Bug 153594 - [wlan] netif/devd race
Summary: [wlan] netif/devd race
Status: Closed FIXED
Alias: None
Product: Base System
Classification: Unclassified
Component: wireless (show other bugs)
Version: 8.2-PRERELEASE
Hardware: Any Any
: Normal Affects Only Me
Assignee: freebsd-wireless (Nobody)
URL:
Keywords:
Depends on:
Blocks:
 
Reported: 2011-01-01 01:10 UTC by Raphael Kubo da Costa
Modified: 2019-01-27 11:19 UTC (History)
2 users (show)

See Also:


Attachments
devd-80211.diff (507 bytes, patch)
2011-01-17 20:27 UTC, Bernhard Schmidt
no flags Details | Diff

Note You need to log in before you can comment on or make changes to this bug.
Description Raphael Kubo da Costa 2011-01-01 01:10:12 UTC
My wireless network card is an Intel PRO/Wireless 5100, and I'm using the iwn driver.

/etc/rc.conf contains the following:
  wlans_iwn0="wlan0"
  ifconfig_wlan0="WPA SYNCDHCP"

And /etc/wpa_supplicat.conf has the appropriate settings for some access points.

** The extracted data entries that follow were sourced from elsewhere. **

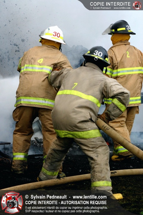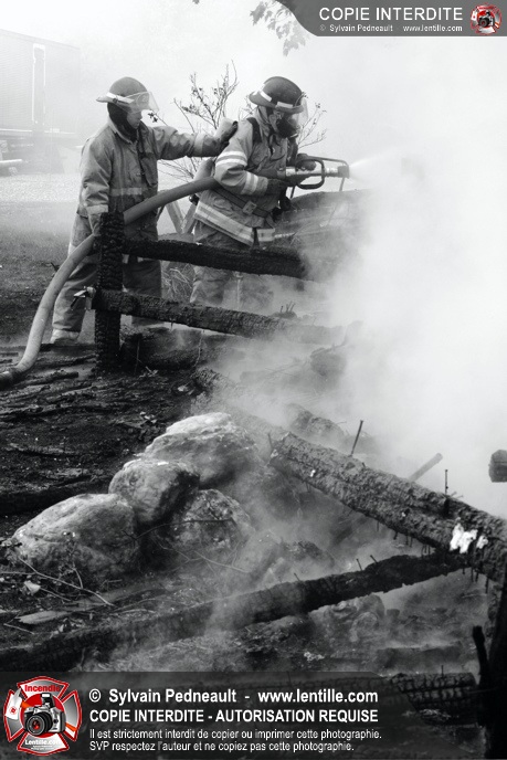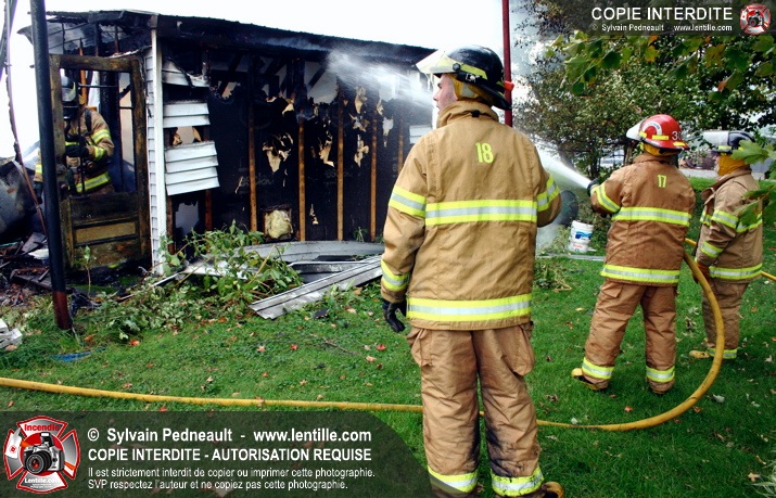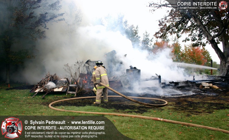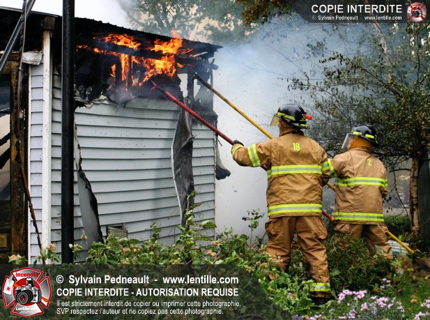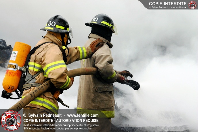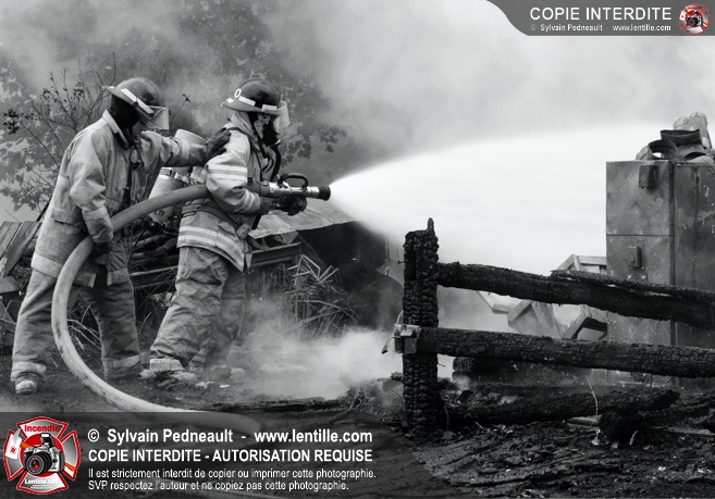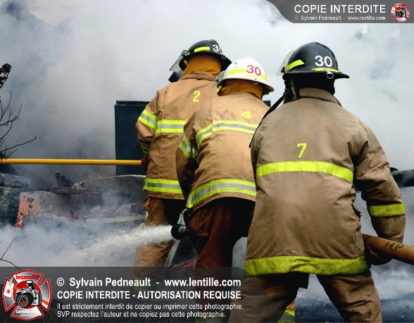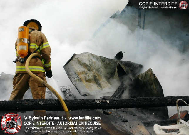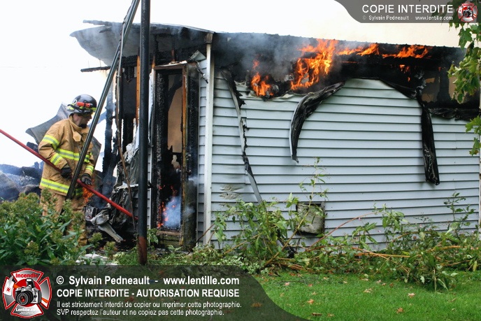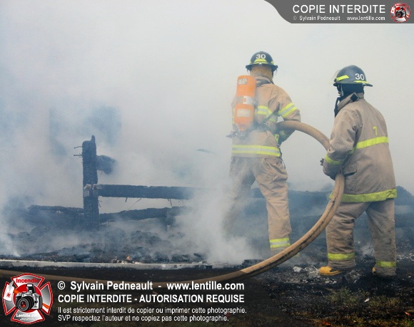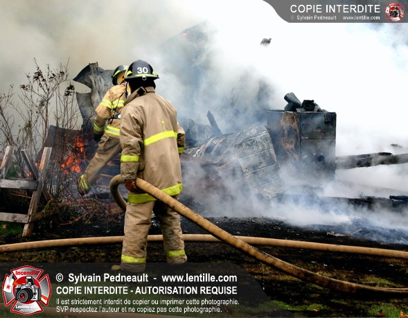L'incendie était tout de même d'une bonne dimension puisque la colonne de fumée se voyait à plusieurs kilomètres de distance et la maison adjacente a été légèrement endommagée par la chaleur.
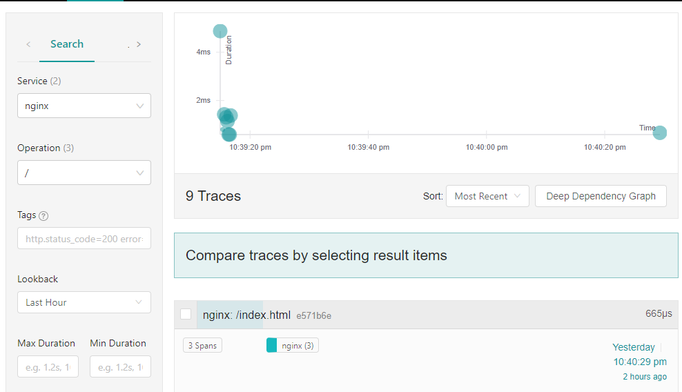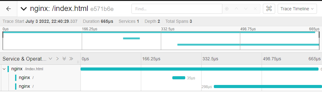 此時我們可以在jaeger上查看,可以看到 NGINX 的 span(因為這里只配置了NGINX,沒有配置更多的后端)。
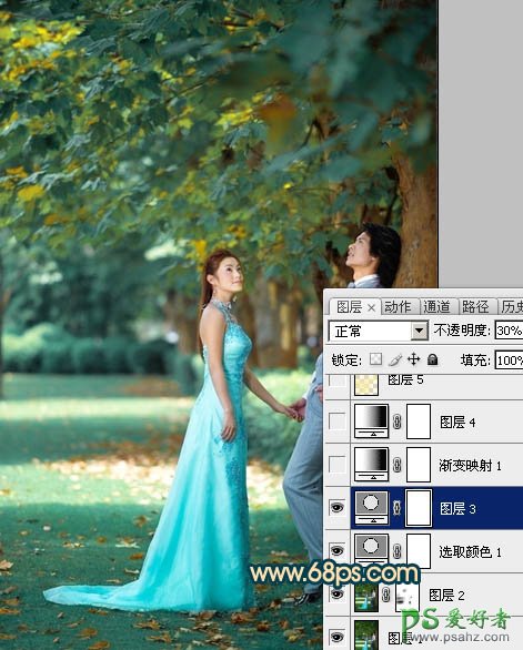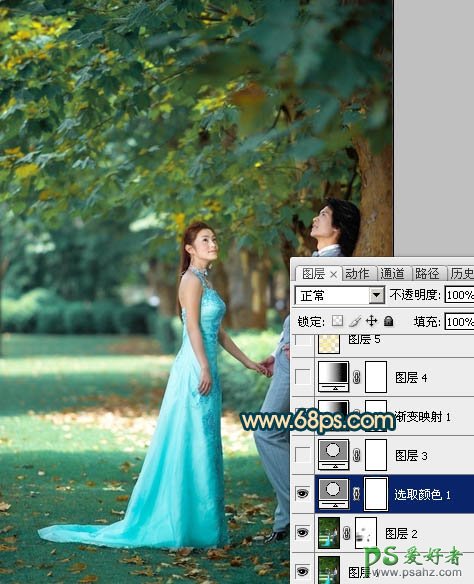 今天我们来学习一篇PS婚片后期调色实例教程,photoshop调出柔美的暖色效果婚片男女艺术照,本教程介绍暖色图片调色方法。原图素材图片基本都是绿色,处理的时候需要逐步把绿色都转为中性或暖色。然后再把人物部分调成相应的暖色即可。 最终效果

When the system boots, the network is established correctly, but whenever I need to restart it via '/etc/rc.d/netif restart', when I ping my access point around 10 packets are sent before the network goes down and 'ifconfig wlan0' shows it is looking for different APs (or even the same AP in diverse channels, for example). When a connection is established to the AP again, it goes down after a few seconds again.

If I do '/etc/rc.d/netif restart' again, the connection stops dropping.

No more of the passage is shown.